To validate the usefulness of the transcript sequences identified in the transcriptome resource, expression of five randomly selected unigenes was examined by real time PCR and compared with the RPKM expression values in the transcriptome data of 5689 unigenes. qRT-PCR was performed in the developing fruit (8 DAP) of Sitaphal and NMK-1, in three biological replicates. At 8 DAP initial cell division takes place in the zygote, which leads to the formation of the embryo [46]. Interestingly, the qRT-PCR analysis (Figure 5a; Additional file 10) suggested preferentially lower expression of the orthologous genes such as Clavata-3 (regulates seed formation [47]), Abnormal Suspensor-2 (involved in embryogenesis [48]), Embryo Defective-1144 (role in embryo development [49]), Embryo Defective-2742 (role in embryo development [50]), and Ovule abortion-9 (role in ovule development [51]). The qRT-PCR fold change was comparable to the RPKM values in the transcriptome data (Figure 5b). Thus, transcriptome data for the two contrasting Annona genotypes presented here is useful for identifying candidate genes for the development of less seeded fruits.

Figure 5

Quantitative RT-PCR analyses and RPKM expression value of 5 randomly selected candidate genes for seed development in Sitaphal and NMK-1, at 8 DAP. Quantitative RT-PCR analyses (a). Each bar indicates standard error in three biological replicates (*p ≤ 0.05). A detail of the primers is given in Additional file 10. The qRT-PCR fold change is comparable with RPKM values in transcriptome data (b).

Mining of SSRs

Identification of SSRs was carried out to generate information for the development of molecular markers for future studies on genetic diversity in A. squamosa. In total, 2629 and 3445 SSR motifs were identified in 2045 and 2678 transcripts for Sitaphal and NMK-1, respectively (Table 7). Out of the transcripts analyzed, 417 and 541 contained more than one SSR, whereas, 324 and 428 were in compound form in Sitaphal and NMK-1, respectively. The mono-nucleotide SSRs represented the largest fraction of SSRs (35.71% in Sitaphal and 44.06% in NMK-1), followed by di-nucleotide (30.88% in Sitaphal and 25.54% in NMK-1) and/or tri-nucleotide (29.25% in Sitaphal and 26.47% in NMK-1) SSRs. Tetra-, penta- and hexa-nucleotide SSRs were identified in a small fraction (0.030-0.004%) (Table 8). The 5689 unigenes, common between the two genotypes, were examined for the presence of SSRs with differences in length. In total, 18 SSRs were identified with variable number of tandem repeat loci between the two genotypes (Additional file 11). The SSR motifs could be potential candidates for transcript based microsatellite marker development, useful in determining functional genetic variation in A. squamosa [52].
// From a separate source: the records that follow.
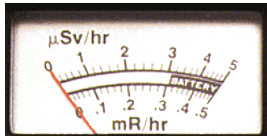
Optional SI Meter Scale: 0-500 µSv/hr & 0-50 mR/hr
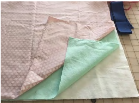
Basic mat layers
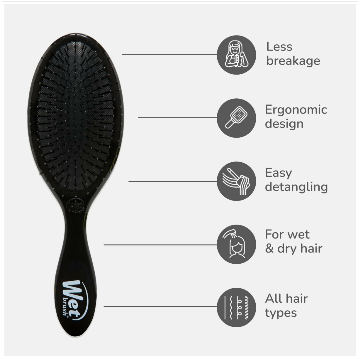
Figure 2: Visual representation of the brush's key features.
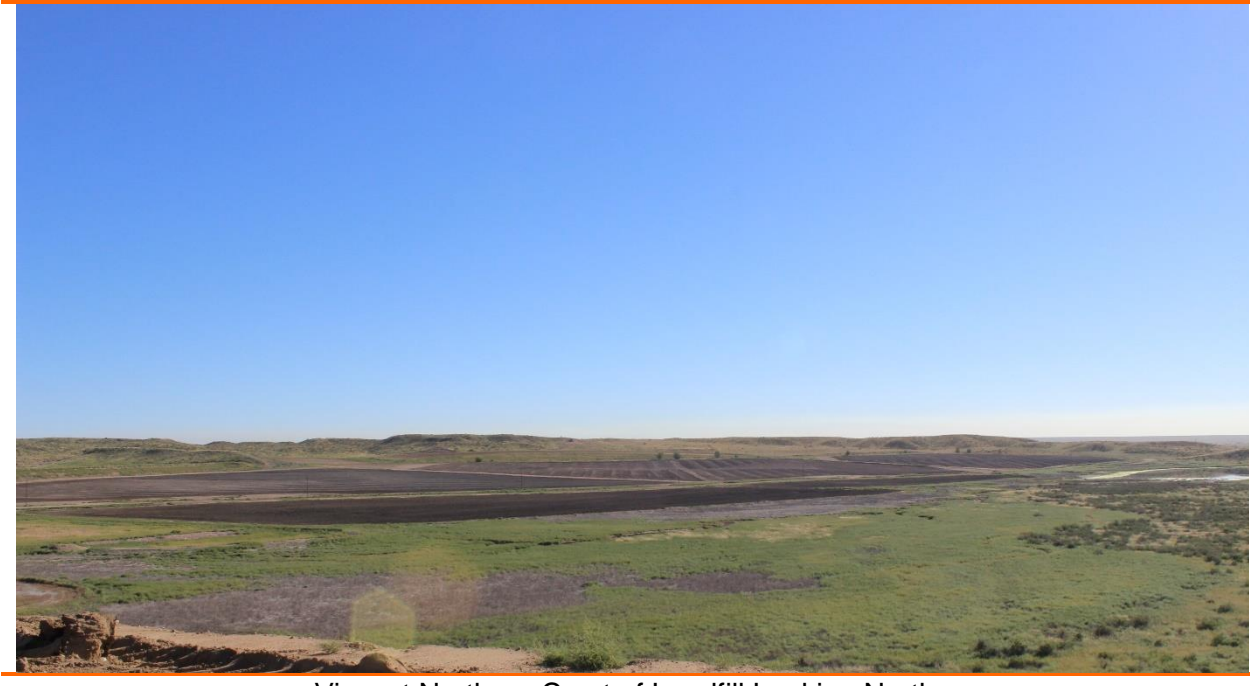
View at Northern Crest of Landfill Looking North
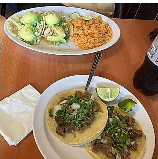
LUNCH, KENNETT STYLE.
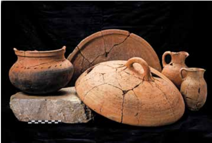
Figure 4. Cooking vessels from the Middle Bronze Age building in Area 2
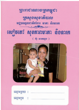
Maternal and Child Health Handbook (pilot version), Cambodia, 2007
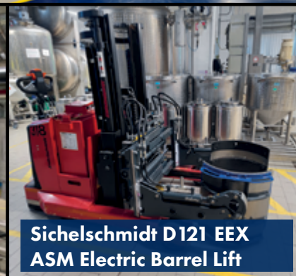
Sichelschmidt D121 EEX ASM Electric Barrel Lift

COMPLETE CLOSURE OF PERFUME MANUFACTURING PLANT FORMERLY USED BY RENOWNED GLOBAL PERFUME & COSMETICS MANUFACTURER COMPLETE FILLING & PACKAGING LINE
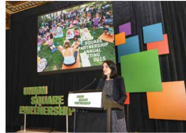
MAY USP hosts Annual Meeting & Networking Event highlighting the district's successes at the W New York – Union Square.
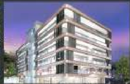
LANDMARK AYUSH HIGHLAND
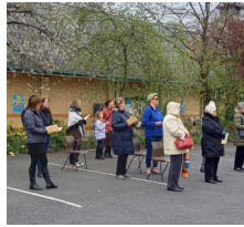
Just a few of the many people who worshipped on Good Friday

This picture gives you an idea of the social distancing. However, there were a lot of us spread from one end of the car park to the other with the musicians in the middle. We asked those coming to the service to park in Morrissons or the Haydon Centre.
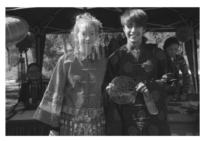
Figure 5. Americans dressed up in Chinese wedding costumes (The picture was taken in the U.S. in 2018).
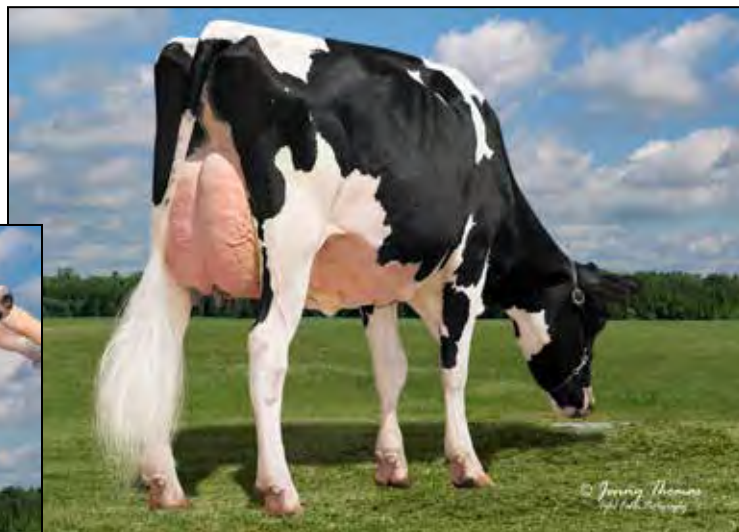
RUMMAGE ATWOOD SHELBY EX-92 EX-MS DAM OF LOT 3
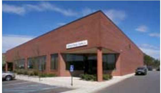
AES Headquarters in Medford, NY

On September 28, 1998, the former employees of Northrop Grumman's Advanced Energy Systems Group completed the formation of a new small business, Advanced Energy Systems, Inc. (AES). Incorporated in New York and purchased from Northrop Grumman as a legacy organization, AES retains all former assets including the skilled personnel, intellectual property, accelerator development laboratories, prototype machine shops, computational analysis systems and contracts. The new company can draw upon a 22-year experience
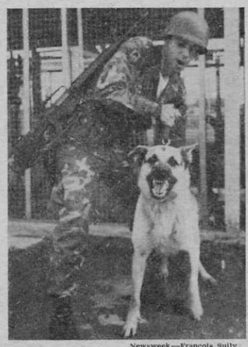
Sentry and dog: A near disaster

In the aftermath of the raid on Tan Son Nhut and the other attacks in Sai-
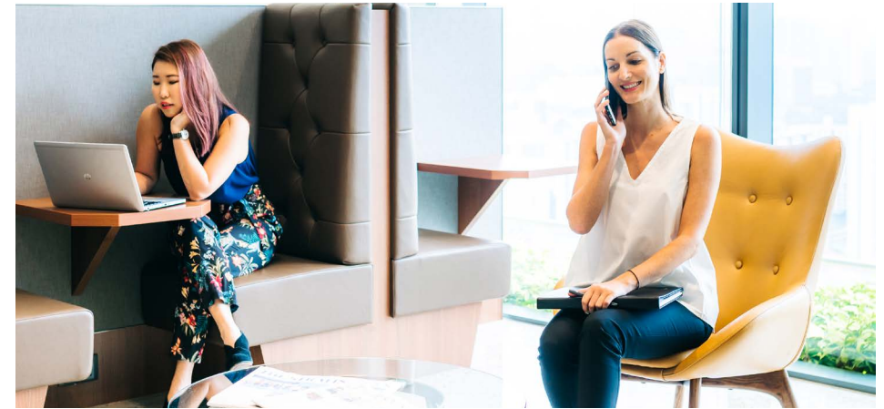
CapitaGreen // Singapore
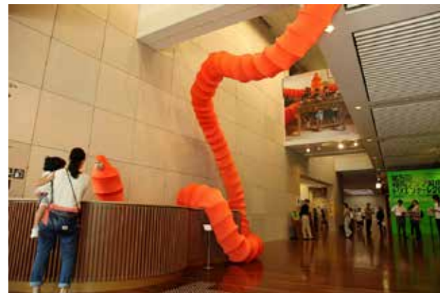
Bug Sightings (The Buddhist Bug series) (2012-2015) | Photo documentation of live performances of The Bug performances around the world; Archival Inkjet prints mounted on angular foam core structures; 6 sets of prints measuring 50cm x 75cm each
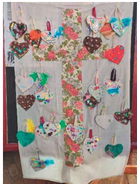
Showing Jesus's love on the cross (Banners, 2024)
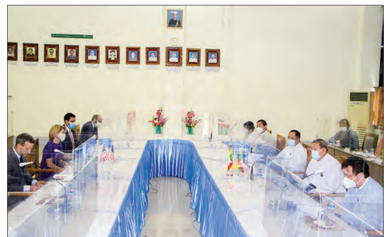
Union Minister U Soe Win holds meeting with delegation of US government Development Finance Corporation on 27 Oct.

conomic zones and further cooperation works for US businesses in Myanmar. —MNA (Translated by Khine Thazin Han)
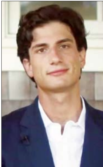
John Bouvier Kennedy Schlossberg
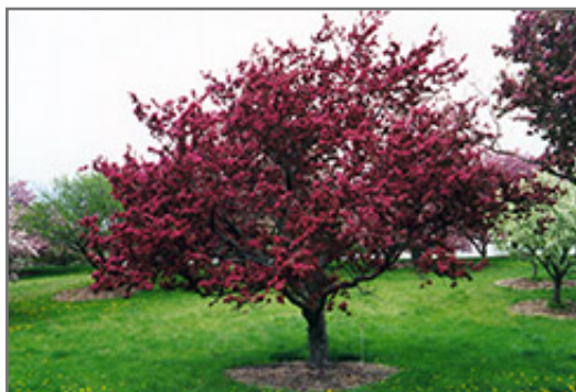
Profusion Flowering Crab in bloom
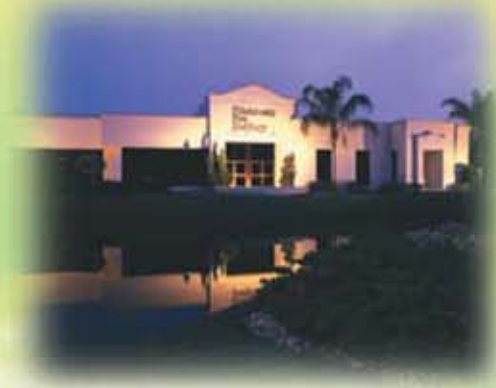
Daytona Beach 110 Yorktowne Dr. Daytona Beach, FL 32119 386.788.6696
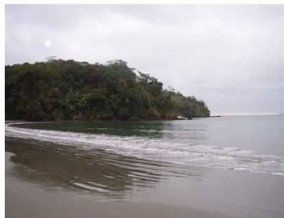
Ecuador Coast, South of the San Francisco Peninsula

The whole effort is being discussed by an inter-institutional panel that includes the Ministry of Environment, Ministry of Agriculture and Fisheries, Ministry of National Defense, Ministry of Tourism, the municipality of Muisne, the provincial government, the community and local NGOs supported by CI and TNC.
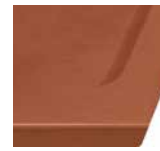
Spill Top (TSP)
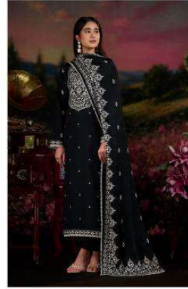
NE-C 2173 E
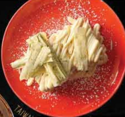
TAIWANESE CASTELLA CAKE
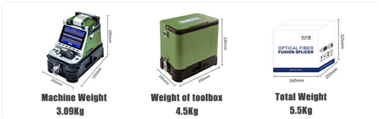
Figure 8.1: Detailed basic parameters of the Signal fire AI-30 Fusion Splicer.
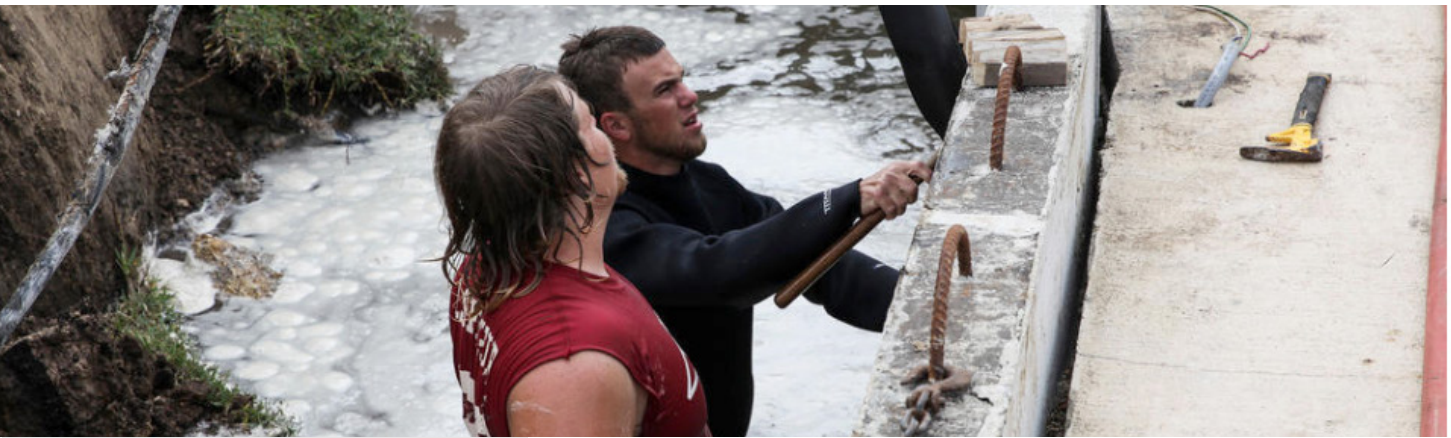
Hurricane Irma compromised about 12 miles of city owned seawalls in Punta Gorda, Florida. Two workers address the city's seawalls following the 2017 Hurricane Season.

Every $1 that the Federal Government invests in mitigation saves taxpayers an average of $6 in future spending.
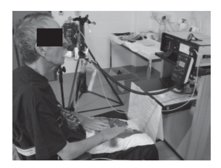
Figure 5. Normocapnic hyperpnea training in a patient with spinal cord injury.

Three types of training are practiced at the present time: inspiratory resistive training (IRT), threshold loading (ITL) and normocapnic hyperpnea (NCH). During NCH the patient is asked to ventilate maximally for 15-20 minutes (Figure 5).
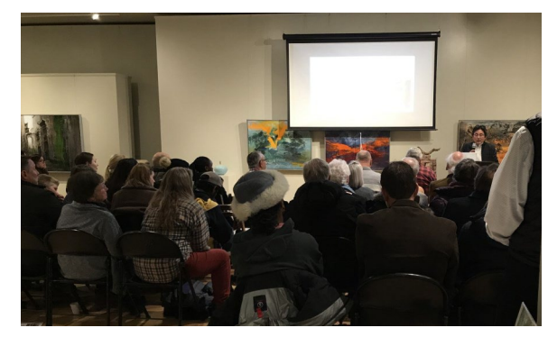
Sadafumi Uchiyami addressing the audience
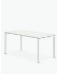
6850/63 - Boxter 160 x 80x 75 cm

Table 7 Statistics of SSRs identified in the transcripts of A . squamosa genotypes (Sitaphal and NMK-1)
Table 8 Classes of SSR repeat motifs in the transcriptome of A . squamosa genotypes (Sitaphal and NMK-1)

Annona transcriptome web resource

A web resource has been developed where entire assembled transcripts are available in BLAST enabled search format ( The web resource is useful for researchers in data-mining and to access pre-computed annotations.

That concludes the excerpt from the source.